The focal point of 2014, the reason why it is receiving so much attention and hype, will
be the elections in April and the governmental transition of power. Replacing Hamid Karzai,
Afghanistan’s first democratically elected president, will be a challenge – one that will affect the
stability of the country and the entire region. Those trained by the U.S. do not necessarily have
the political patronage, or legitimacy, to become effective rulers and many potential leaders have
left Afghanistan to seek asylum in Europe. The political position of the next president will also
dictate who will be appointed to lower level regional offices. A more progressive Tajik president
would be more inclined to appoint the children of current and former party officials who have
been trained in the west. This generation’s new perspective, however, may not be as welcomed
under a more conservative, former mujahideen fighter such as Abdul Rassoul Sayyaf. The next
president’s actions and beliefs will also dictate Taliban and al-Qaeda activity in the coming
years. Deterring these groups’ reemergence will also largely depend on continued momentum,
strength and effectiveness of Afghan military forces.
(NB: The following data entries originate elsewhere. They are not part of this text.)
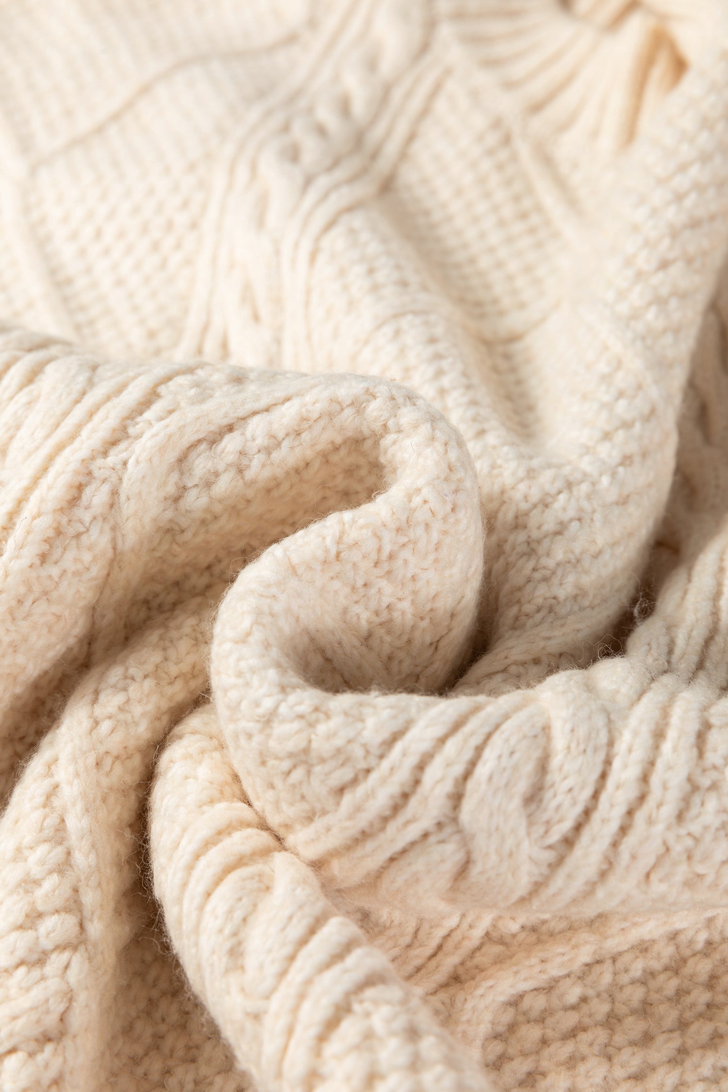 Intricate cable knit detailing for a cozy yet stylish look.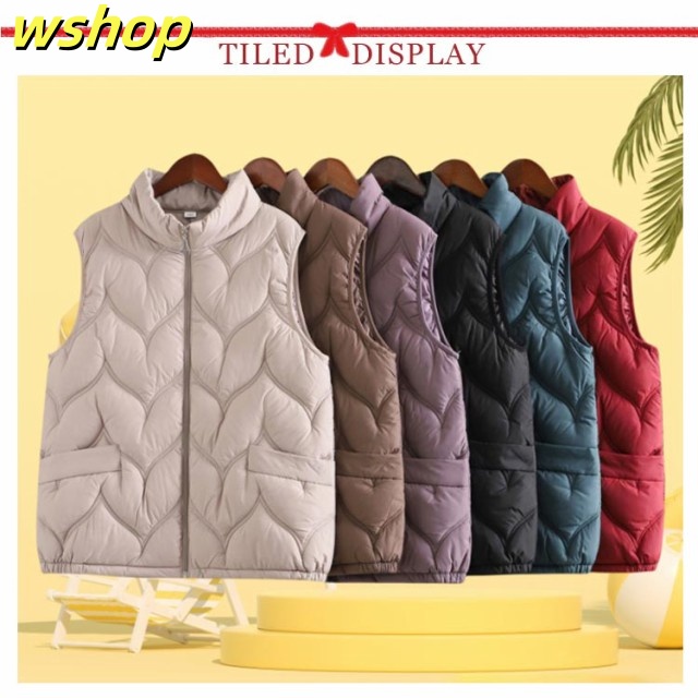 新登場 売上急増中 撥水 ダウンベスト 【wshop ウルトラライト アウター インナーダウンベスト シンプル 大人 インナーベスト 冬 暖かい フェイクダウン 薄い 秋 トップス 無地 婦人 大きいサイズ ライトダウン レディース 軽量 立ち襟 】中綿ベスト おしゃれ 送料無料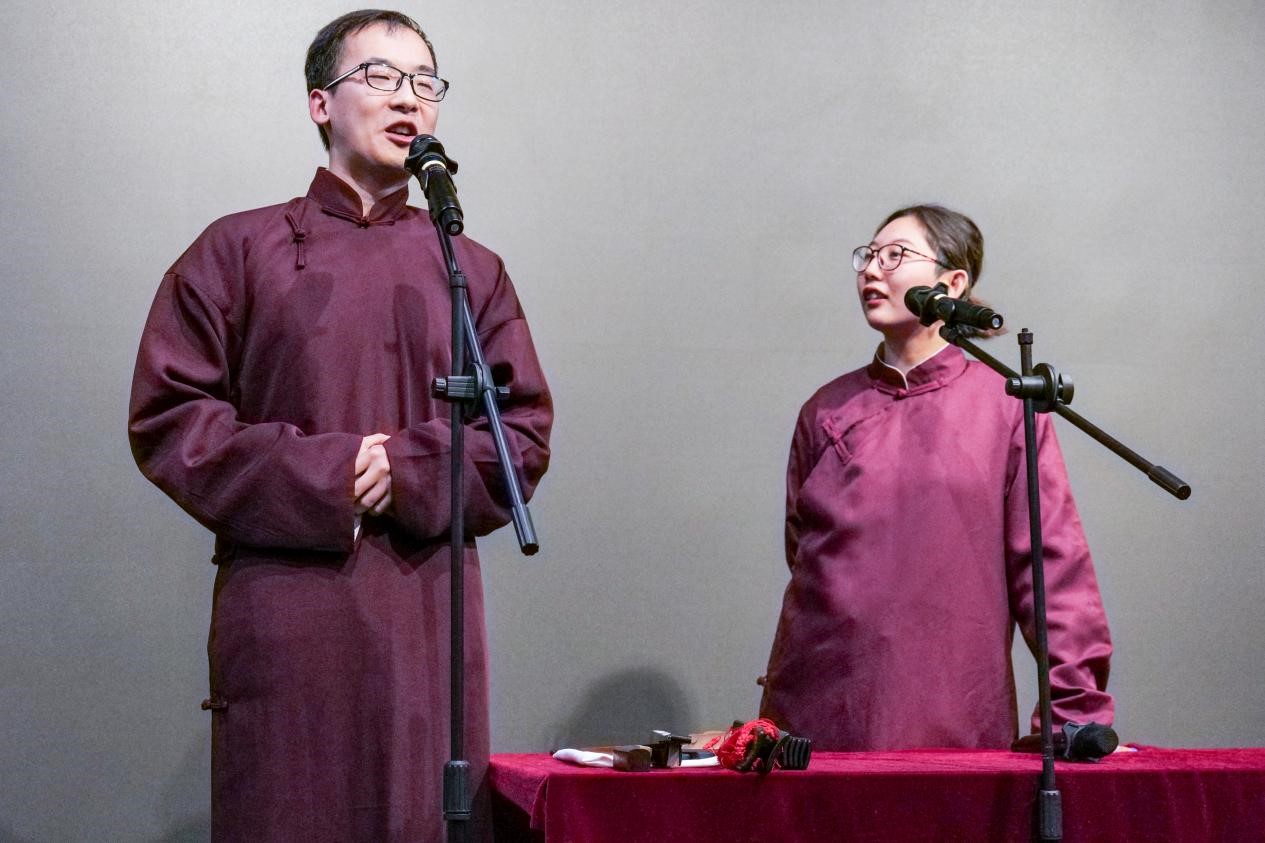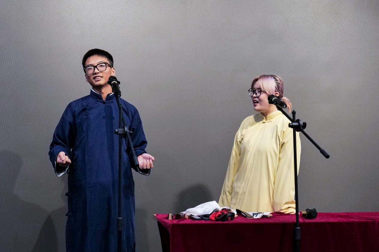 (通讯员 于天玮)为继承和发扬优秀传统文化,丰富研究生文化生活,为广大研究生营造良好的课余生活氛围。12月3日晚,由太阳成集团tyc33455cc、党委研究生工作部主办,介四相声社、太阳成集团tyc33455cc工会承办的“溢彩研途”相声专场于北校区会议中心104成功举办。经过一个月时间的精心准备,演员们为广大研究生奉献了近三个小时的欢乐盛宴,现场观众起满坐满,掌声连连,笑声不断。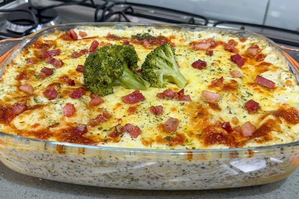 - Leve para gratinar em forno pré-aquecido a 180 graus por cerca de 20-25 minutos, retire do forno e finalize com bacon frito.

As Americans, we are so accustomed to U.S. intervention in various forms around the
world, that continued involvement and intervention in Afghanistan is assumed and would go
unquestioned. As long as evidence of continued involvement is not publically displayed
regularly, the U.S. is generally apathetic to on-the-ground or peripheral activity. The U.S. is
more concerned with the media coverage resulting from the failure of Afghanistan’s
constitutional democracy that they helped put in place. Because democracy, liberalism and
nation building are such central themes in American foreign policy rhetoric, more attention will
be focused on the government and less on the continued security efforts in the country. After all,
U.S. troops are still stationed on the Korean peninsula, in parts of Germany and on bases built in
the Gulf in 1991 during the war. No matter what the Bilateral Security Agreement outlines, or
whether or not one is achieved, the United States’ role as world policeman will continue in
Afghanistan and/or the surrounding region. Overall, I am still deeply skeptical of continued U.S.
involvement and its consequences, but Dr. Long was quite persuasive in laying out the perhaps
even more negative consequences of the United States not being involved.